Once, I believed that love could fix broken things. That if you gave enough, it would heal you too. But love doesn’t always work like that. Sometimes, it only teaches you how to endure pain quietly.
What if love isn’t meant to heal, but to test how much you can lose before you stop hoping?
I closed my eyes, but his face still came back to me—the look he gave me before he left. The words he never said. The words I never had the courage to tell him.
I was never brave. Not with him.
The lights along the shore flickered faintly, guiding me back to where my friends were. Their laughter reached me. I wanted to go back, but my feet stayed where they were. I wanted to move, but a part of me wanted to disappear.
We were celebrating tonight—for me and for an old friend returned from Canada.
A small reunion after years apart.
For me and that friend.
The one person I promised myself I’d already forgotten.
When I saw him walk in, everything around me stopped. I froze, pretending to be busy and very fine. His fiancée was beside him.
I heard her laugh. And the worst is... I hate it.
I wanted to congratulate him for everything. His success. His engagement. His new life. But I hate it.
My throat tightened, and I couldn’t speak. What would I even say?
“I’m proud of you”?
“I’m happy for you”?
Lies. All of them.
So I walked away. I told my friends I needed air, but the truth is, I just couldn’t stand being near him. Not when I knew I had no right to feel this way anymore.
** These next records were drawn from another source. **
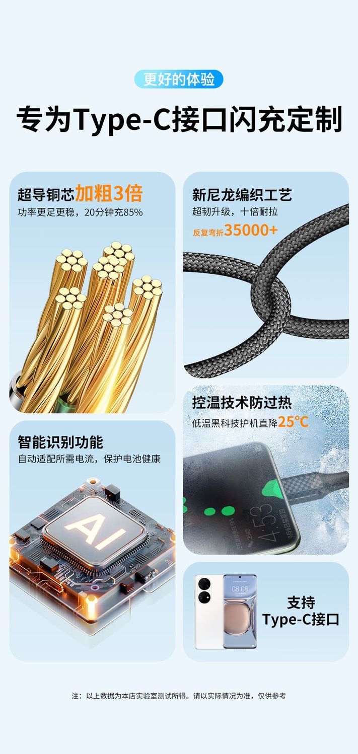 6800w超级快充自动断电数据线typec充电线适用vivo华为荣耀OPPO
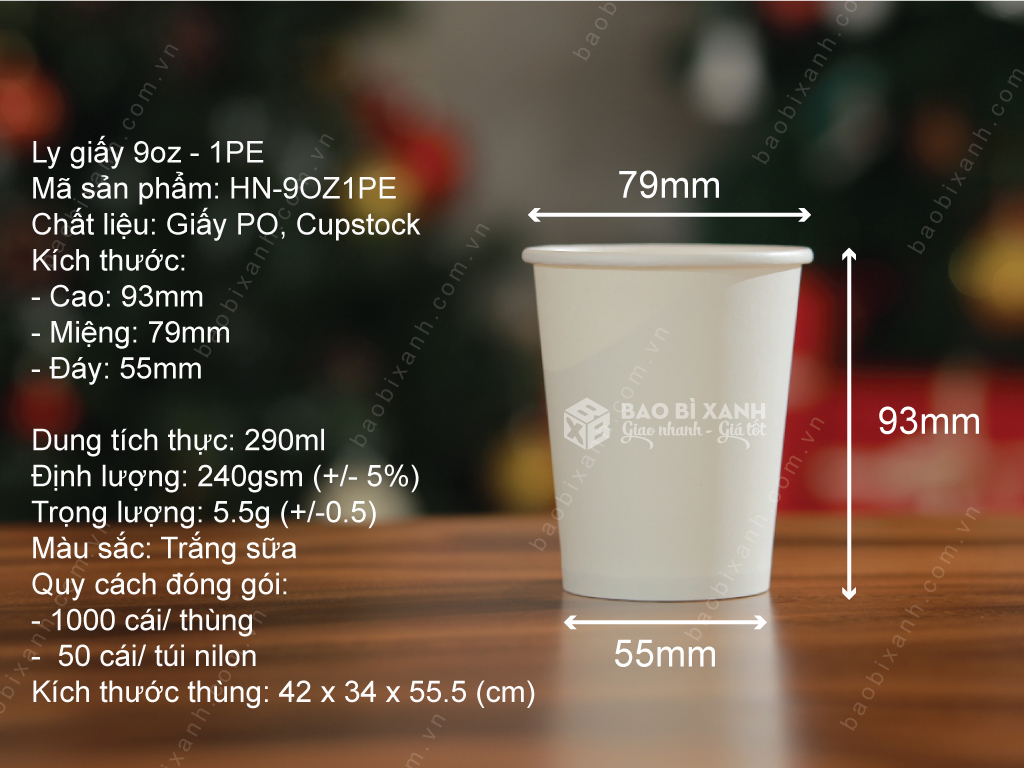 Bao bì Xanh cung cấp các loại ly giấy 9oz (270ml) với thiết kế đẹp, nhiều mẫu mã hiện đại và sáng tạo. Ly giấy trơn được bảo vệ bởi 2 lớp PE chống thấm nước, vì vậy nó thích hợp cho cả nước uống nóng và lạnh. Bao bì Xanh là địa chỉ tin cậy để mua các loại ly giấy, muỗng và tô giấy, với số lượng lớn và ít, đảm bảo giá cả phải chăng. Liên hệ ngay để được đội ngũ tư vấn viên hỗ trợ giải đáp mọi thắc mắc 24/7!
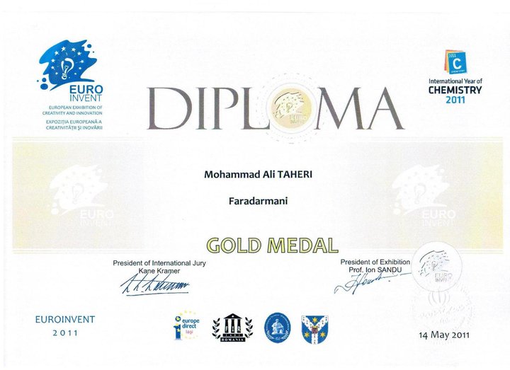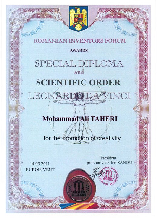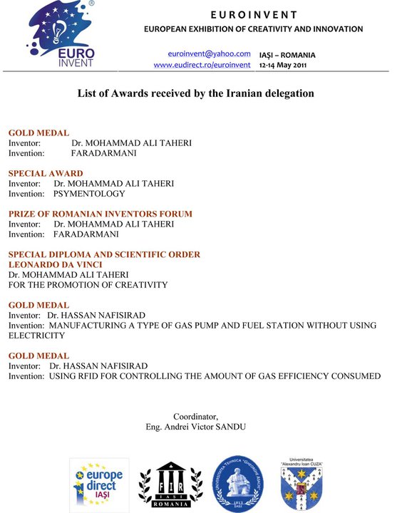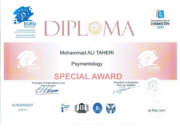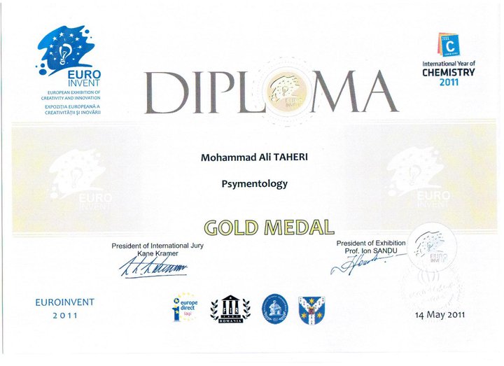 6- Gold Cup from Belgium & International Trade Fair for Technological Innovation in Brussels' International Eureka Contest For founding Iranian Complementary and Alternative Medicines of "Faradarmani" and "Psymentology".7- Gold Cup from Belgium & International Trade Fair for Technological Innovation in Brussels' International Eureka Contest For founding Iranian Complementary and Alternative Medicines of "Faradarmani" and "Psymentology".8- European Innovation Award and "Officer" Degree from Belgium Brussels' Innova (European Innovation World Exhibition on inventors, research and new technologies) For founding Iranian Alternative and Complementary Medicines; "Faradarmani" and "Psymentology"
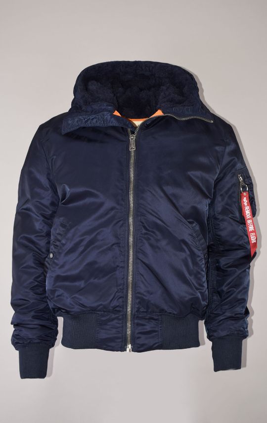 Alpha не останавливается на консервативной классике типа MA-1 и создаёт бомберы с меховыми воротниками, капюшонами и увеличенным слоем утеплителя, которые с комфортом можно носить в межсезонье и даже лёгкий мороз.
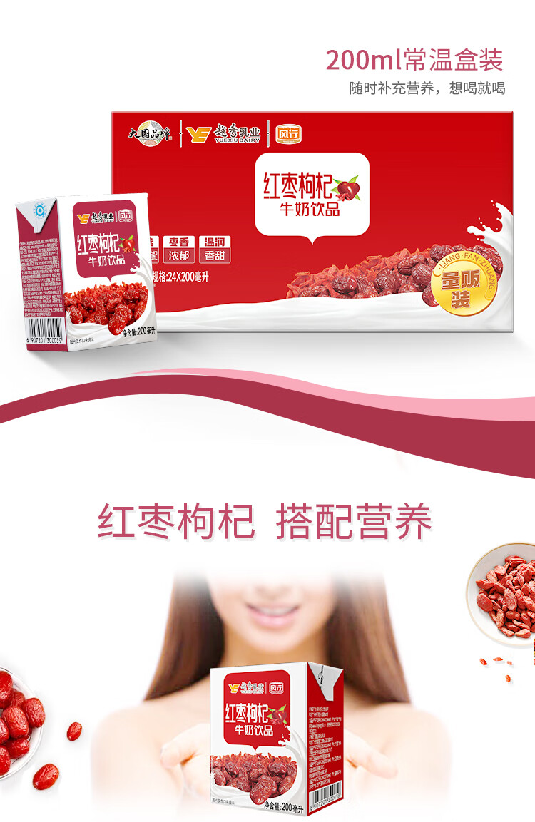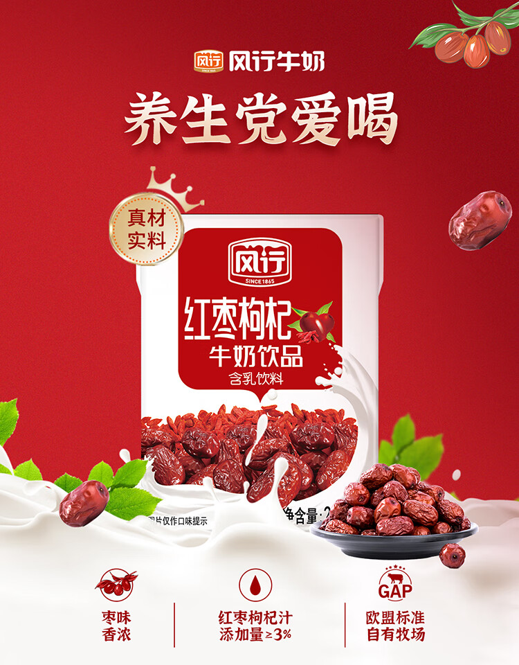 风行红枣枸杞牛奶饮品 200ml*24盒整箱牛奶量贩装家庭装 礼盒装送礼
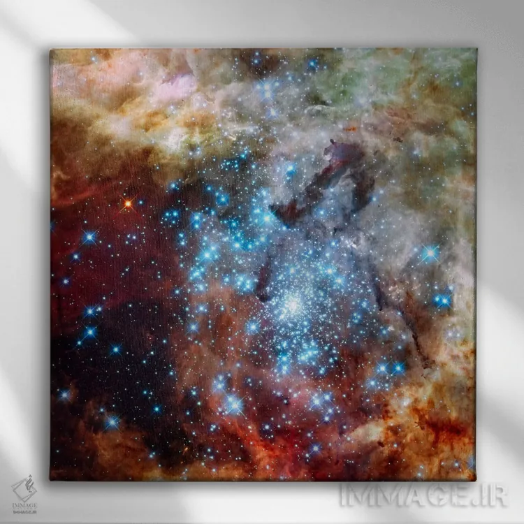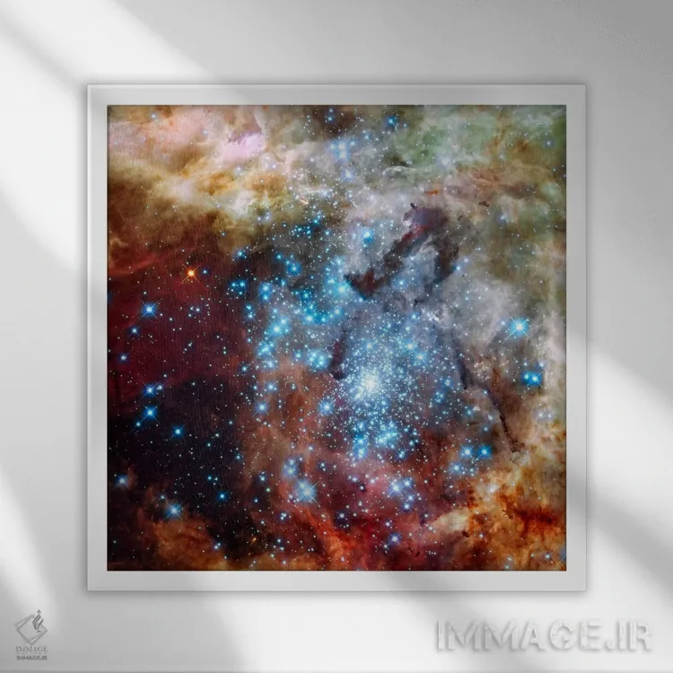 تابلو خوشه ستارهای در مسیر برخورد (تلسکوپ فضایی هابل) اثر ناسا (آژانس فضایی آمریکا)
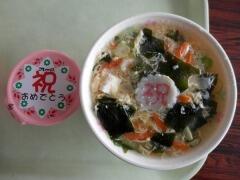 ということで今日は、卒業のお祝いメニューでした。お祝いのお赤飯にお祝いの文字が入ったナルト入りのかきたま汁、プリプリでカラッと揚げてあるえびフライにお祝いゼリーと、お祝いムード一色の給食でした。たくさん食べて、明日の卒業式に臨んでほしいと思います。そして、卒業して中学校に入学しても、好き嫌いをしないでしっかり食事をとり、健康な体をつくって、中学校生活も楽しく元気いっぱい過ごしてほしいと思います。
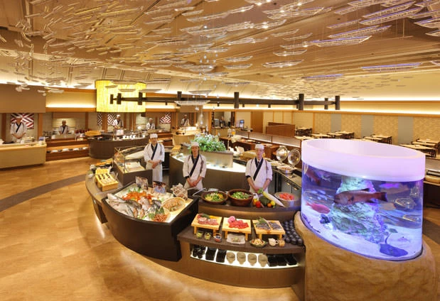 - ★ 富山湾直送の鮮魚をバイキングで愉しめるホテルです。毎晩のバイキング会場では常に鮮魚料理がズラリと並び、ゲストの目の前で調理するオープンキッチンスタイルなので、出来たて料理が取り揃います

I looked down at the sand. My footprints were scattered from where I’d walked earlier. Before, there were two sets, mine and his.
Now, it’s just me.
Maybe that’s how it’s supposed to be. Maybe being alone is what I deserve after holding on too long.
People say silence helps you heal. But silence also keeps you trapped in the same memory you’re trying to escape from.
Sometimes, I wonder what happens to the love that refuses to die. The kind you bury deep, hoping it fades, but it never does. It only hides. It waits. It bleeds quietly.
What if that love never left me? What if it’s still here, haunting me every time I come back to this place? Like a ghost I keep trying to escape, but it follows me anyway.
For some people, that kind of love turns bitter. For others, it turns into longing. For the unlucky ones like me, it turns into jealousy and guilt.
I thought time could erase everything. But time doesn’t heal when the heart refuses to forget.
He once told me he loved me. I believed him. I really did. And I loved him too, maybe too much, maybe too quietly. But neither of us said it when it mattered.
Now it’s too late.
Maybe what we had was love that never learned to live.
Maybe it was always something that looked like love but never became it.
And as the wind carried the sound of laughter from the distance, I whispered to the sea—
“Why does it still hurt?”
But I don't know. Even my heart and mind don't know.